Focus: United States
The U.S. sets the pace for global consumption.
By Thomas Hayden
Photo: Costco checkout
Photograph by Jeff Zelevansky ⁄ Reuters ⁄ Corbis

For years, Americans have been criticized for their gluttony and waste as consumers, compared to citizens of other countries. Even the wealthiest nations of Europe and the Persian Gulf seem to use less of just about everything. More than a quarter of available food in the U.S. is simply squandered, for example.

But now, as many in the U.S. are struggling to bring their consumer excesses under control, much of the rest of the world appears to be joining in. Per capita consumption in China, India, Brazil, and the other homes of new wealth is still far below that in the United States—but it is growing fast. Increased wealth makes more consumption possible, while aggressive marketing of the consumer lifestyle speeds the global embrace of convenience, status, and luxury items.

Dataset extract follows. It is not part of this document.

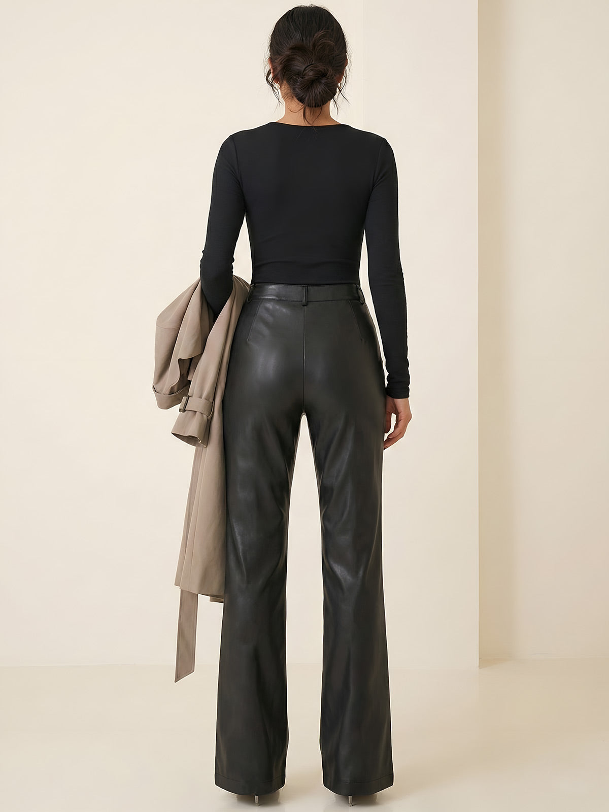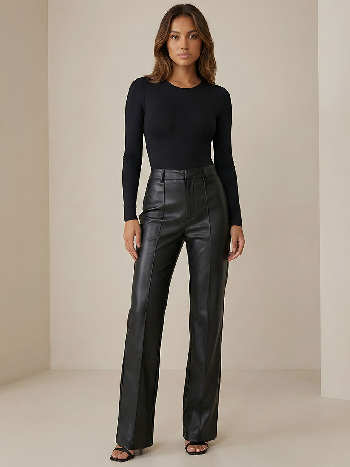 Noir Classic Leather Fit pants combine sleek faux leather construction with practical functionality. Featuring a straight-leg silhouette with a regular fit, these office-ready trousers offer subtle stretch for all-day comfort. Two side pockets and a distinctive back zipper pocket provide secure storage for essentials, while the flat front and zipper fly create a polished silhouette. Ideal for professional settings and casual outings alike.

Globalization has created unprecedented wealth and helped increase the middle class in many parts of the world, as human population continues to grow. But the basic equation, that more people with more money will use more resources and have a greater impact on the environment, does not always hold. When it comes to consumption, not all people are created equal. How much we use depends not only on how much we have, but also where we live, and how. According to one estimate, if everyone on the planet lived as the typical American does, we would need the equivalent of 5.4 Earths to supply our needs. By contrast, if we all lived like the typical Indian, we would consume less than half of the planet's resources. Put another way, each American consumes as much as 32 Kenyans do. The conclusion is obvious: We can probably make room for 9 billion people on the planet—we will soon have to. But it is very unlikely that we'll be able to accommodate 9 billion consumers on the American scale.

Greater wealth can, and does, bring increased access to good nutrition and health care, education, and other opportunities. But as a new generation of middle class consumers arises, we will come up against real limits on what the Earth can provide. For all of us, that means finding ways to use less, recycle more, and ultimately to learn to value sustainability over convenience.